My dad was an honorable man who worked hard serving in the United States Air Force. A job that sent our family globetrotting every three to four years. We bounced from Germany to California, to Florida to Germany to Kansas to Florida, to California then back to Florida. My head still spins when I think about it. Duty also called my dad away from us. He spent one year in Thailand, one year in Vietnam and one year in Korea. I remember missing him terribly and not really understanding why he had to go away for so long. Since my German mother didn't drive, his absence was a real challenge for our family and it created a lot of stress for him.

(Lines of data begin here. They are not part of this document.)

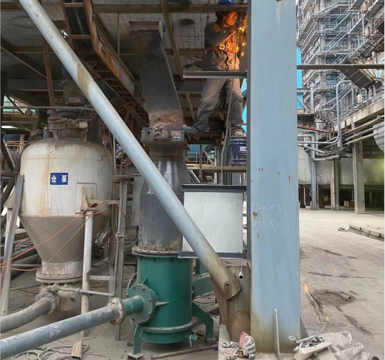 料封泵一般安裝在料倉底部,新投產(chǎn)的料封泵應(yīng)先把活動風(fēng)管外腔加入足量的潤滑油,再通過執(zhí)行機(jī)構(gòu)對活動風(fēng)管進(jìn)行調(diào)整,來改變噴嘴與噴頭之間的距離,通過調(diào)試來選擇一個(gè)比較理想的位置同時(shí)記下標(biāo)尺刻度,開始正常工作。停機(jī)時(shí)先使噴嘴與噴頭閉合并使管道內(nèi)物料全部輸送完才能停風(fēng)。料封泵只有在料面具有一定高度時(shí)才能正常工作,如果料位低于一定值時(shí)輸送量就會減少,如果突然停氣等原因使管道堵塞時(shí),應(yīng)使噴嘴與噴頭閉合吹起直至管道暢通。
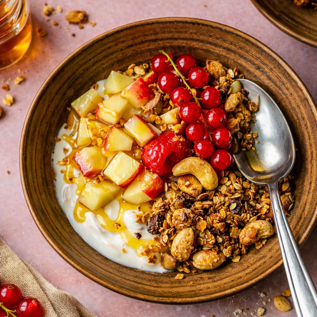 Iogurte com fruta, granola e mel
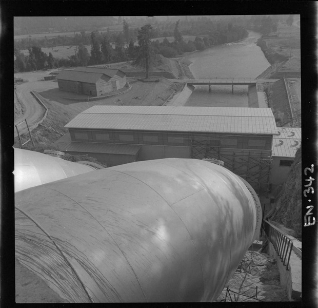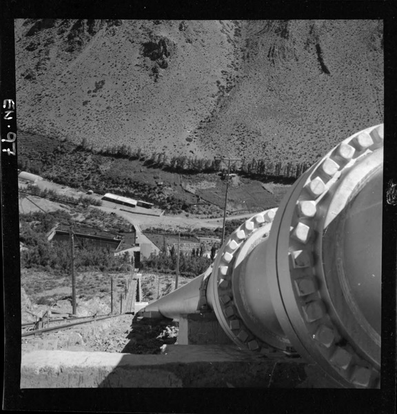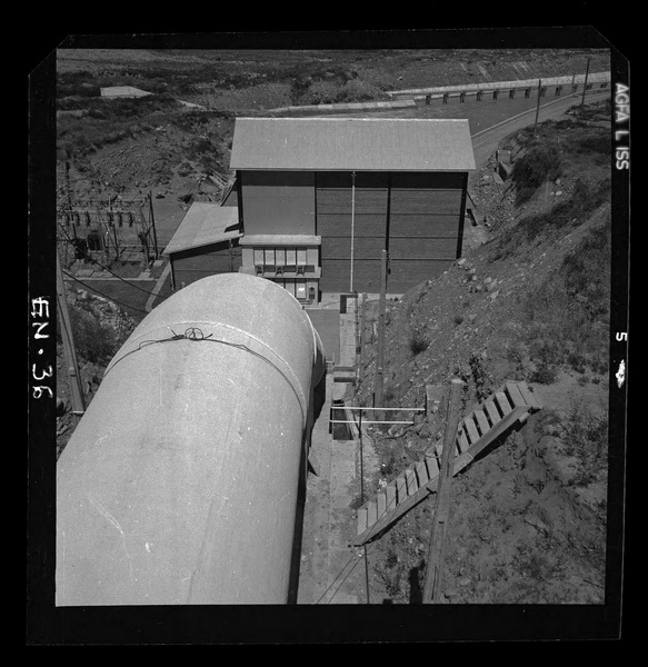 Casa de máquinas desde cámara de carga con la tubería en primer plano [fotografía] Luis Ladrón de Guevara.
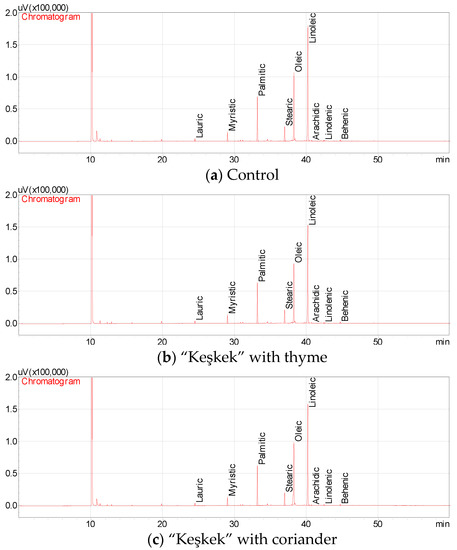 The fatty acid composition and the quantitative values of “Keşkek” samples provided by using thyme, coriander and cumin spice powders are given in Table 3. The dominant fatty acids of “Keşkek” oil samples were myristic, stearic, palmitic, oleic, stearic and linolenic acids (Figure 2). Results changed depending on the addition of spices. Myristic and stearic acids of the oils extracted from “Keşkek” samples were detected between 3.13% (with coriander) and 3.59% (with thyme) to 5.05% (with coriander) and 6.88% (with cumin), respectively. Moreover, the oils of untreated samples and “Keşkek” samples with thyme, coriander and cumin spices contained 15.21%, 16.48%, 14.78% and 18.45% palmitic acids, respectively. While oleic acid amounts of the oils of the “Keşkek” samples were detected as between 25.51% (with thyme) and 30.58% (with cumin), the linoleic acid contents of the oils of “Keşkek” products were identified as between 38.28% (with cumin) and 48.49% (control). The lauric acid amounts of “Keşkek” oils varied between 0.88% (with coriander) and 1.03% (with cumin). The amounts of other fatty acids were found under <0.75% (with cumin). In general, the highest amounts of fatty acids were found in “Keşkek” with cumin, followed by thyme, control (without spice) and “Keşkek” with coriander, in decreasing order. “Keşkek” oils are rich in linoleic acid, followed by oleic, palmitic, stearic and myristic acids, in descending order. Rebey et al. [26] reported that the main fatty acids of the oil of cumin seeds at full maturity were petroselinic acid (55.9%), followed by palmitic (23.82%), linoleic (12.40%) and pamitoleic (2.12%) acids. Coriander vegetable oil contained 2.9% palmitic, 72.7% petroselinic, 6.0% oleic, 13.7% linoleic and 0.2% linolenic acids [27]. Merah et al. [28] reported that cumin seed oils contained 3.9–4.3% palmitic, 47.4–51.6% petroselinic acid, 11.2–12.2% oleic, 30.5–32.9% linoleic and 0.2–0.6% linolenic acids. The results differed from previous fatty acid results with spice fruits or seed oils. These differences may sometimes be due to the fact that the spices are processed into the product and sometimes they are only analyzed in seed oils. Moreover, the differences in the fatty acid components of the “Keşkek” oils may have been due to the added fatty acids in coriander and cumin oil and oils used. This situation is clearly understood from the literature data. The fact that the pancake is rich in linoleic acid shows that this food is also rich in essential fatty acids.
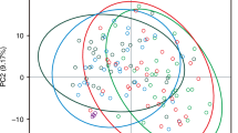 Taxonomic profiles of the gut microbiota among infants in both groups are shown in Fig. 1. The relative abundances of bacterial phyla and genera were compared between groups and over time using stacked vertical bars (Fig. 1a, b). Genera that significantly differed in relative abundance between groups included Bifidobacterium (1 week after intervention and at 1 month of age, q < 0.05) and Enterobacteriaceae of an unknown genus (1 month of age, q < 0.05). An increase in abundance of Bifidobacterium over time was observed with B. infanits M-63 administration during the intervention period, accompanied by a decrease in the abundance of Enterobacteriaceae (Table S2). Results for bacterial phyla and genera other than Bifidobacterium and Enterobacteriaceae are also shown in Table S2.
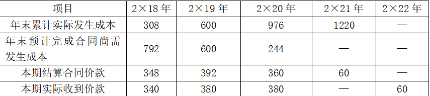 解析 (1)2×18年账务处理如下: ①实际发生合同成本。 借:合同履约成本                   308  贷:原材料                     184.8    应付职工薪酬                  123.2 ②确认计量当年的收入并结转成本。 履约进度=308÷(308+792)×100%=28%; 合同收入=1160×28%=324.8(元)。 借:合同结算——收入结转              324.8  贷:主营业务收入                  324.8 借:主营业务成本                   308  贷:合同履约成本                   308 ③结算合同价款。 借:应收账款                     348  贷:合同结算——价款结算               348 ④实际收到合同价款。 借:银行存款                     340  贷:应收账款                     340 (2)2×19年的账务处理如下: ①实际发生合同成本。 借:合同履约成本              292(600-308)  贷:原材料                     175.2    应付职工薪酬                  116.8 ②确认计量当年的收入并结转成本,同时,确认合同预计损失。 履约进度=600÷(600+600)×100%=50%; 合同收入=1160×50%-324.8=255.2(万元); 合同预计损失=(600+600-1160×(1-50%)=20(万元)。 借:合同结算——收入结转              255.2  贷:主营业务收入                  255.2 借:主营业务成本                   292  贷:合同履约成本                   292 借:主营业务成本                   20  贷:预计负债                     20 ③结算合同价款。 借:应收账款                     392  贷:合同结算——价款结算               392 ④实际收到合同价款。 借:银行存款                     380  贷:应收账款                     380 (3)2×20年的账务处理如下: ①实际发生的合同成本。 借:合同履约成本              376(976-600)  贷:原材料                     225.6   应付职工薪酬                   150.4 ②确认计量当年的合同收入并结转成本,同时调整合同预计损失。 履约进度=976÷(976+244)×100%=80%; 合同收入=1160×80%-324.8-255.2=348(万元); 合同预计损失=(976+244-1160)×(1-80%)-20=-8(万元)。 借:合同结算——收入结转               348  贷:主营业务收入                   348 借:主营业务成本                   376  贷:合同履约成本                   376 借:预计负债                      8  贷:主营业务成本                    8 ③结算合同价款。 借:应收账款                     360  贷:合同结算——价款结算               360 ④实际收到合同价款。 借:银行存款                     380  贷:应收账款                     380 (4)2×21年1-6月的账务处理如下: ①实际发生合同成本。 借:合同履约成本             244(1220-976)  贷:原材料                     146.4    应付职工薪酬                  97.6 ②确认计量当期的合同收入并结转成本及已计提的合同损失。 2×21年1月至6月确认的合同收入=合同总金额-截至目前累计已确认的收入 =1160-324.8-255.2-348=232(万元) 借:合同结算——收入结转               232  贷:主营业务收入                   232 借:主营业务成本                   244  贷:合同履约成本                   244 借:预计负债                     12  贷:主营业务成本                   12 (5)2×22年的账务处理: ①质保期结束且未发生重大质量问题。 借:应收账款                     60  贷:合同结算                     60 ②实际收到合同价款。 借:银行存款                     60  贷:应收账款                     60
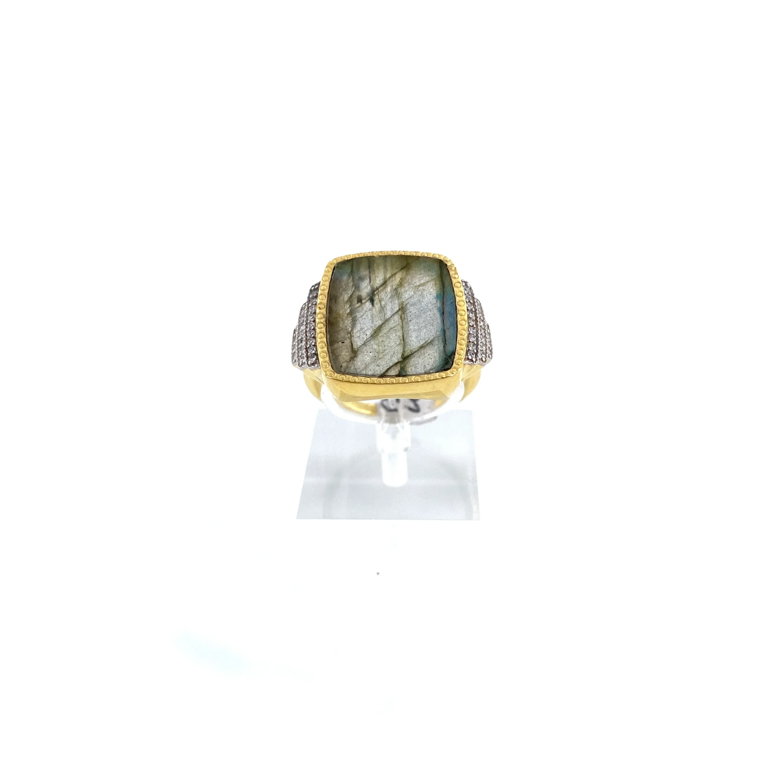 Cette bague, en plaqué Or, est ornée d’une Labradorite Carrée, agrémentée de zircons blancs.
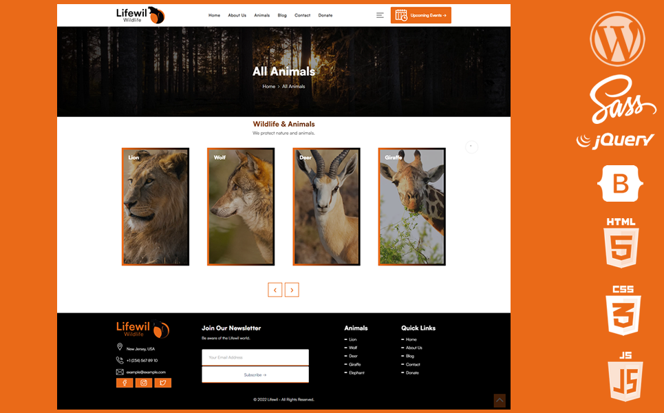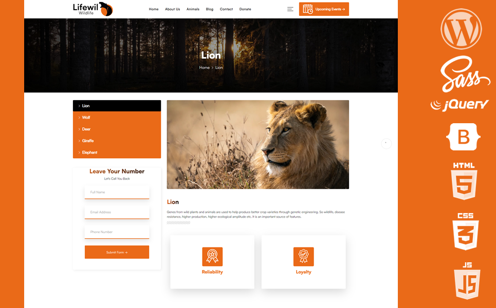 Lifewil WordPress Theme is a professional and straightforward wordpress theme made for Wildlife, Animals and Nature.
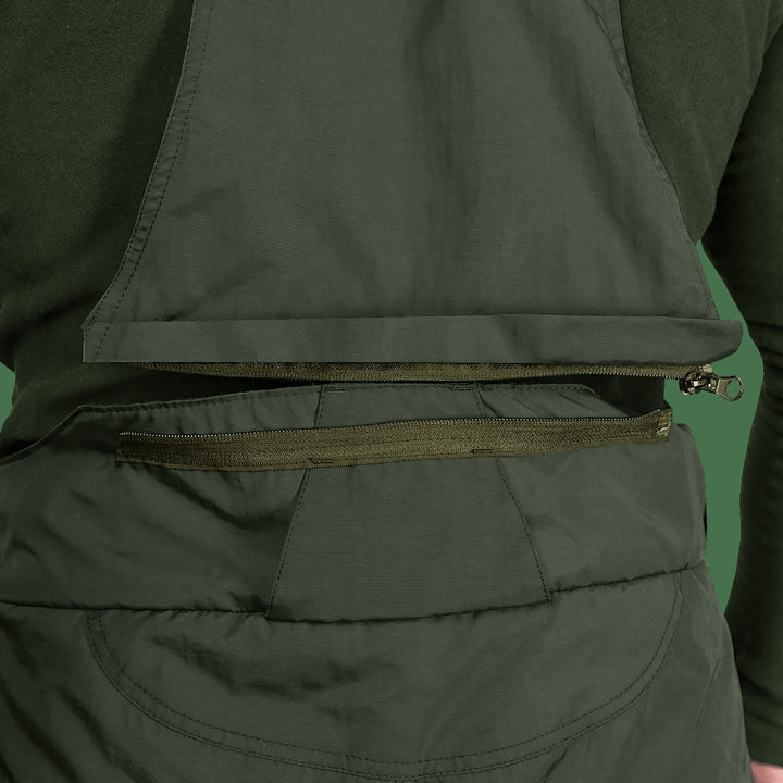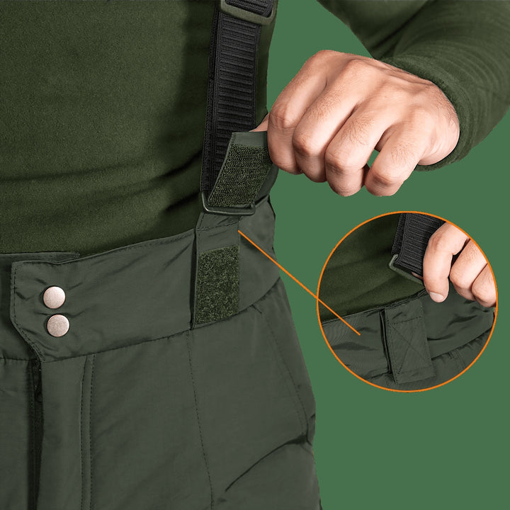 - Pants designed with ergonomic cut, insulated wide waistband for lower back protection, and adjustable leg openings with zippers.
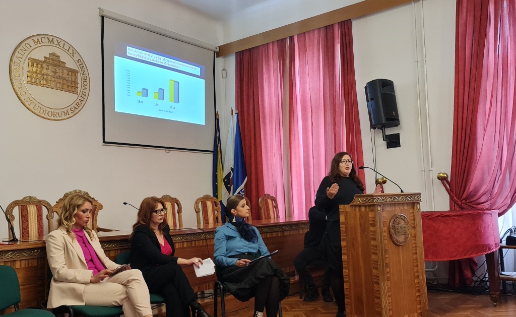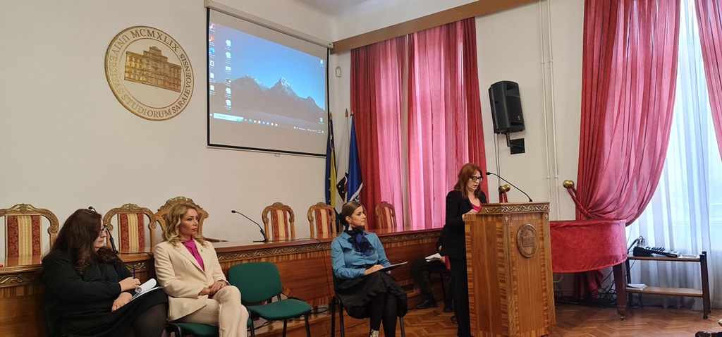Panel diskusija je započela uvodnim obraćanjem prof. dr. Sarine Bakić, koja je svojim izlaganjem odgovorila na pitanje šta danas predstavlja 8.mart. „Iako svaki dan treba insistirati na ravnopravnosti polova, današnji dan je važan datum u historiji i treba nam, upravo njegovim obilježavanjem, a ne slavljenjem/proslavljanjem, poslužiti da se podsjetimo na šta se ovim datumom zapravo ukazuje“,, istakla je profesorica Bakić, te dodala: „Nasuprot proklamovanoj ideji emancipacije, ideji koja se tretira kao simbol borbe žena na ljudsko dostojanstvo i ekonomsku nezavisnost, sam čin osmomartovskog darivanja predstavlja unižavanje borbe za prava žena i destrukciju ustrajnog prkosa protiv društvene nejednakosti i diskriminacije, te za bosanskohercegovačko društvo važno naglasiti, protiv nasilja nad ženama i djecom“, naglasila je profesorica Bakić.

Honest and straight laced, he was a friendly guy who never knew a stranger, but who always kept a tight reign on me and my siblings. His youthful rebellion after his parent's deaths educated him in what he would call "the school of hard knocks." So he wasn't about to let us make the same mistakes that he had made.

As a young teen I would often argue with him and he'd always tell me,
"Mary Lou you have more baloney in you than Carter's got liver pills." Somehow, he knew too much and I couldn't get away with anything. So I simply didn't try.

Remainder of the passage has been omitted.